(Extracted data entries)
━━━━━━━━━━━━━━━━

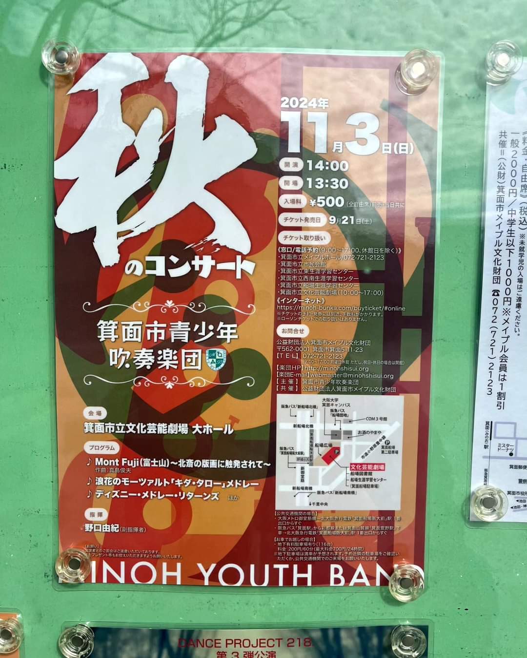 11/3に箕面市立文化芸能劇場で箕面市青少年吹奏楽団によるコンサートがあるそうです。
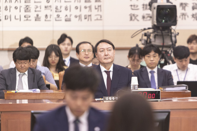 윤석열 검찰총장 후보자가 8일 오전 서울 여의도 국회에서 열린 검찰총장 인사청문회에 출석, 의원들의 질의를 듣고 있다.
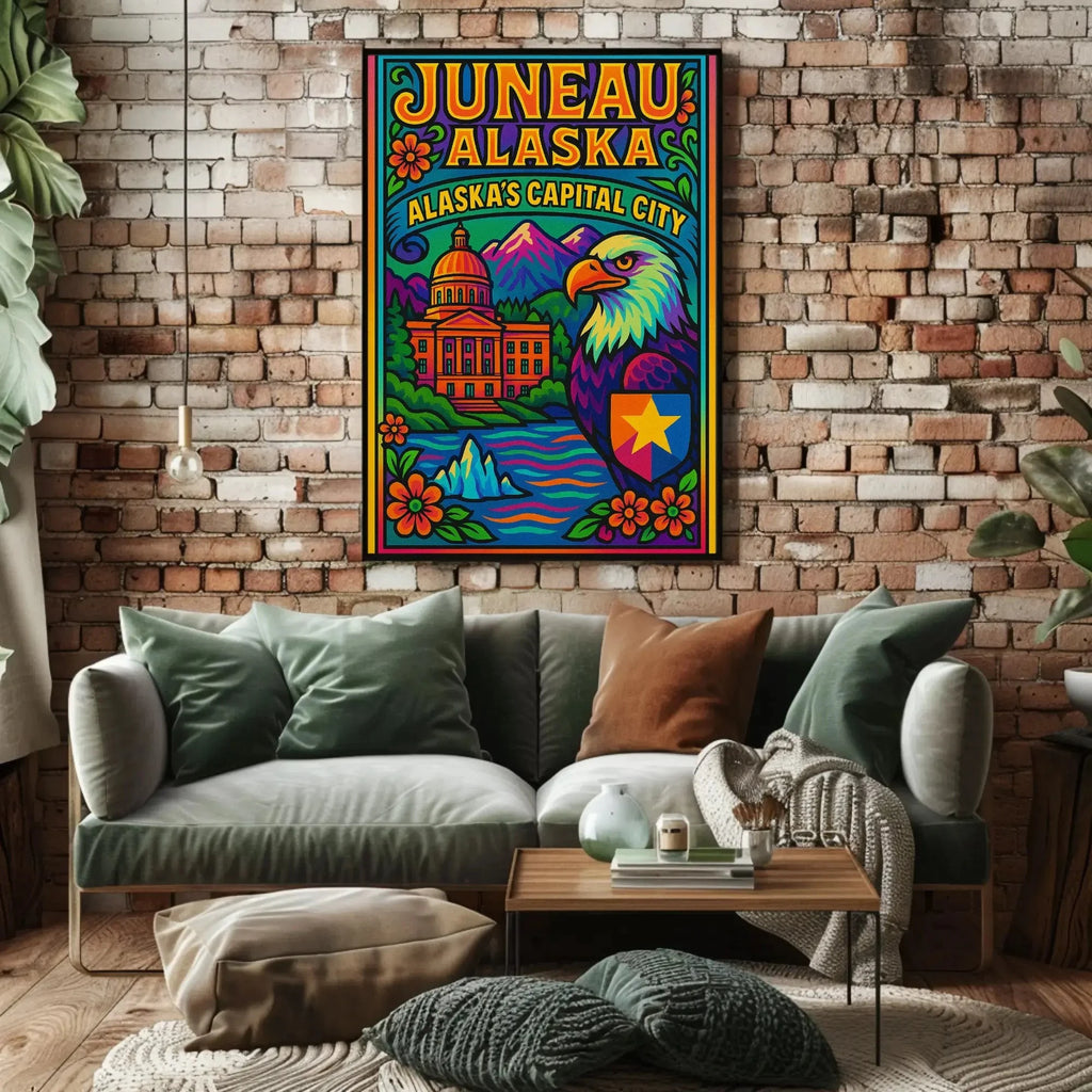 Juneau Alaska Bold Pop Art Travel Poster from PosterGoat brings the rugged beauty of Alaska into your space with a vibrant, modern twist. This 24" x 36" poster celebrates Juneau — Alaska’s capital — featuring a striking bald eagle, the state capitol building, jagged mountains, floating icebergs and decorative florals rendered in bold Pop Art colors and clean, graphic lines.
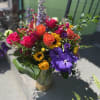 This beautiful arrangement has gorgeous colors and the combination of colors is awe-inspiring it has sunflowers, hot pink roses, purple orchid, white tulips, Lilys, delphinium, spray roses, orange roses, stock and fresh greens.
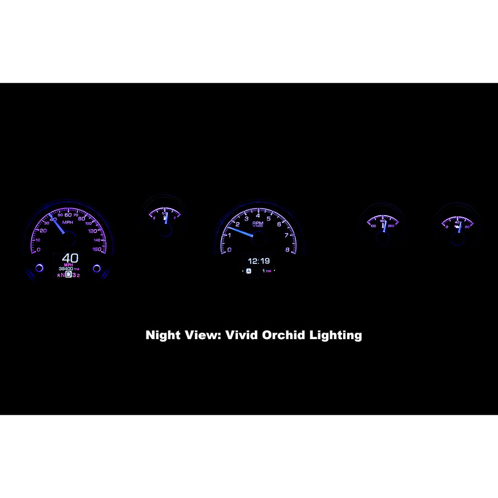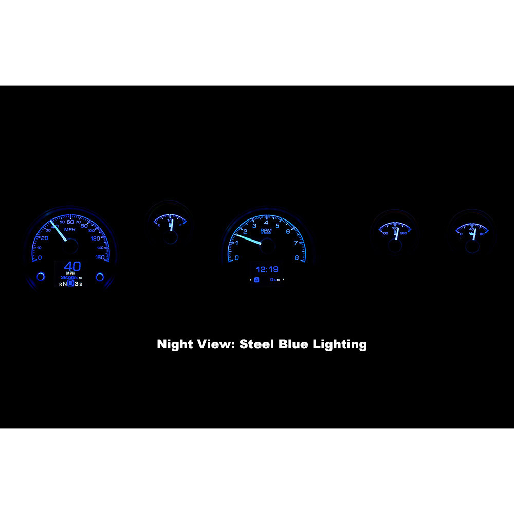 Available with your choice of black or silver alloy gauge-face styling, each HDX system allows you to select independent illumination colors for the gauge readings and needles, as well as the message centers. Calibration and personal settings are manipulated with the built-in, capacitive-touch buttons, or the available Bluetooth app for Apple and Android devices. Each needle hub is black nickel plated spun-aluminum to match the buttons. All HDX instrument systems feature dead-faced indicators (turn signals, high beam, check engine, cruise control, parking brake, plus two user-definable), and a red, settable warning light for each gauge.

━━━━━━━━━━━━━━━━

#### [REQUIRED WORK]
Copy out exactly the lines that begin at the line with "This beautiful arrangement" and end at the final line of the entries above. Leave out the pictures.

#### [ANSWER BOX]
 This beautiful arrangement has gorgeous colors and the combination of colors is awe-inspiring it has sunflowers, hot pink roses, purple orchid, white tulips, Lilys, delphinium, spray roses, orange roses, stock and fresh greens.
 Available with your choice of black or silver alloy gauge-face styling, each HDX system allows you to select independent illumination colors for the gauge readings and needles, as well as the message centers. Calibration and personal settings are manipulated with the built-in, capacitive-touch buttons, or the available Bluetooth app for Apple and Android devices. Each needle hub is black nickel plated spun-aluminum to match the buttons. All HDX instrument systems feature dead-faced indicators (turn signals, high beam, check engine, cruise control, parking brake, plus two user-definable), and a red, settable warning light for each gauge.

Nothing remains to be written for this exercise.